* Raw data:
::::::::
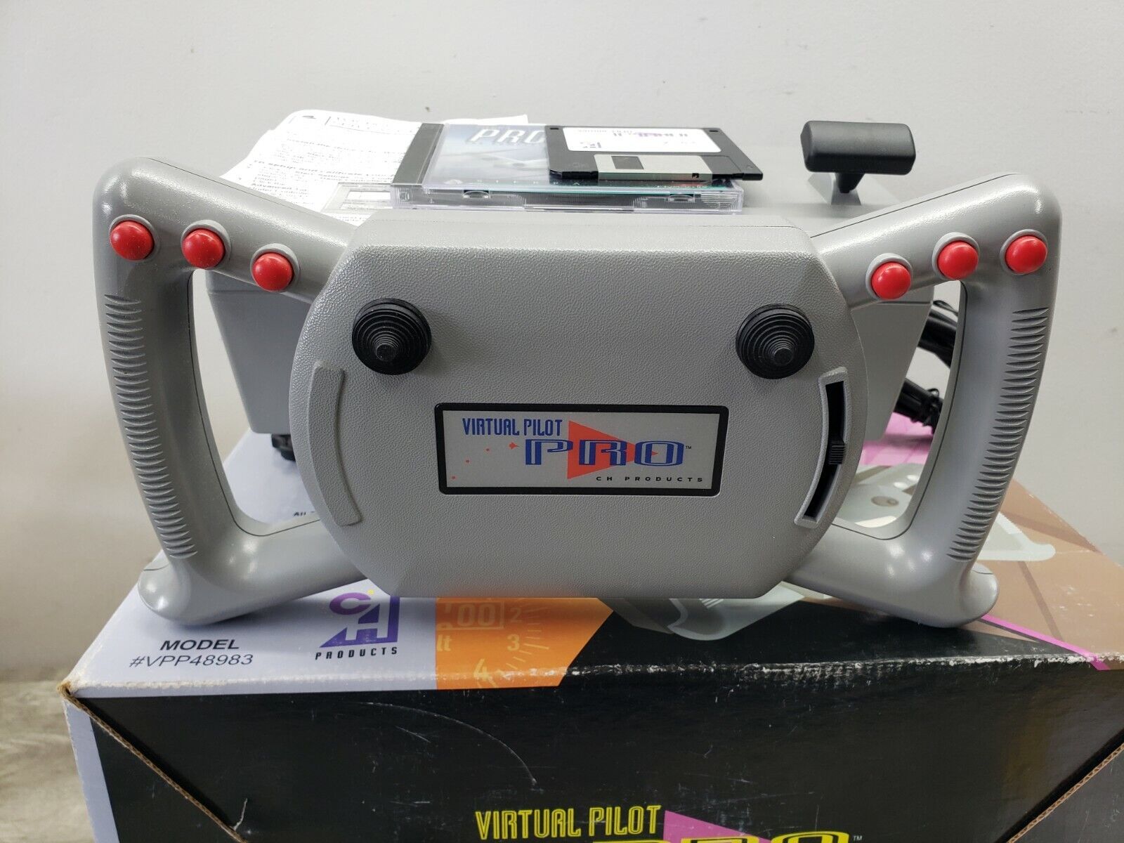 " You may remember a product that came out of CH Products a couple years back called the Virtual Pilot. It was a flight yoke with two fire buttons, trim controls, and a throttle. It was state of the art when it appeared, and it sold in droves to those folks whose be all and end all was computer-aided flying. Meet its technological offspring, the Virtual Pilot Pro. The throttle and trim controls still adorn the yoke, but CH Products has added four more fire buttons, as well as two four-way hat switches. The unit clamps to your desk by way of two screw-down plastic feet (note that the maximum spread for clamping is 1-3/4 inches and max depth is 1 inch) that, despite looking as though they'd have no holding power or would slip and slide, do an admirable job of holding the Virtual Pilot Pro firmly in place. Just don't yank incredibly hard on the yoke, and the unit should stay put.
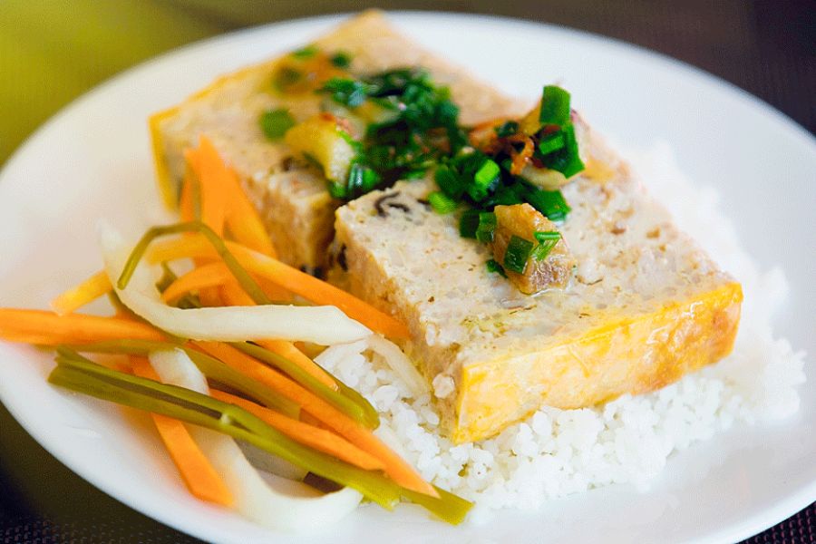 Notably, a layer of egg yolk is spread over the surface of the paste, not only enhancing its appearance but also adding richness, aroma, and tenderness. Preparing good pork and shrimp paste requires great skill.
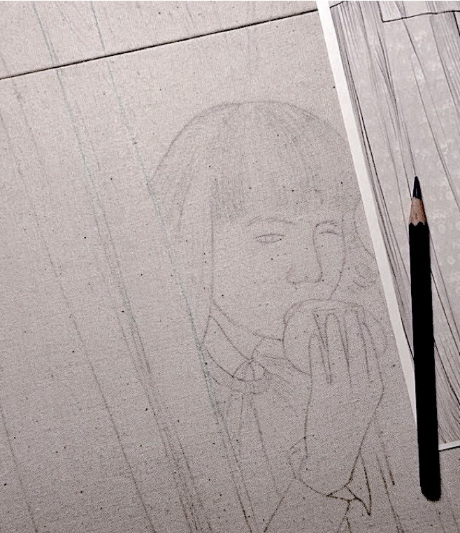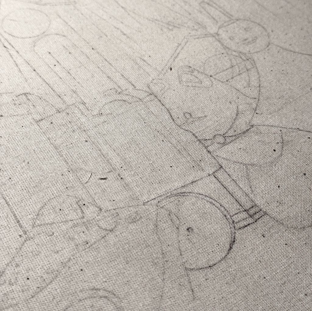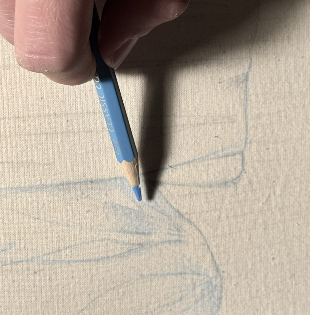 Linen canvas was chosen for its original color and natural grid effect that adds texture when painting. My plan was to paint with pastels, however this medium does not allow for the creation of texture.
::::::::
* Problem details:
Would you transcribe the listing above line by line, exactly, leaving every picture out?

* Exercise result:
 " You may remember a product that came out of CH Products a couple years back called the Virtual Pilot. It was a flight yoke with two fire buttons, trim controls, and a throttle. It was state of the art when it appeared, and it sold in droves to those folks whose be all and end all was computer-aided flying. Meet its technological offspring, the Virtual Pilot Pro. The throttle and trim controls still adorn the yoke, but CH Products has added four more fire buttons, as well as two four-way hat switches. The unit clamps to your desk by way of two screw-down plastic feet (note that the maximum spread for clamping is 1-3/4 inches and max depth is 1 inch) that, despite looking as though they'd have no holding power or would slip and slide, do an admirable job of holding the Virtual Pilot Pro firmly in place. Just don't yank incredibly hard on the yoke, and the unit should stay put.
 Notably, a layer of egg yolk is spread over the surface of the paste, not only enhancing its appearance but also adding richness, aroma, and tenderness. Preparing good pork and shrimp paste requires great skill.
 Linen canvas was chosen for its original color and natural grid effect that adds texture when painting. My plan was to paint with pastels, however this medium does not allow for the creation of texture.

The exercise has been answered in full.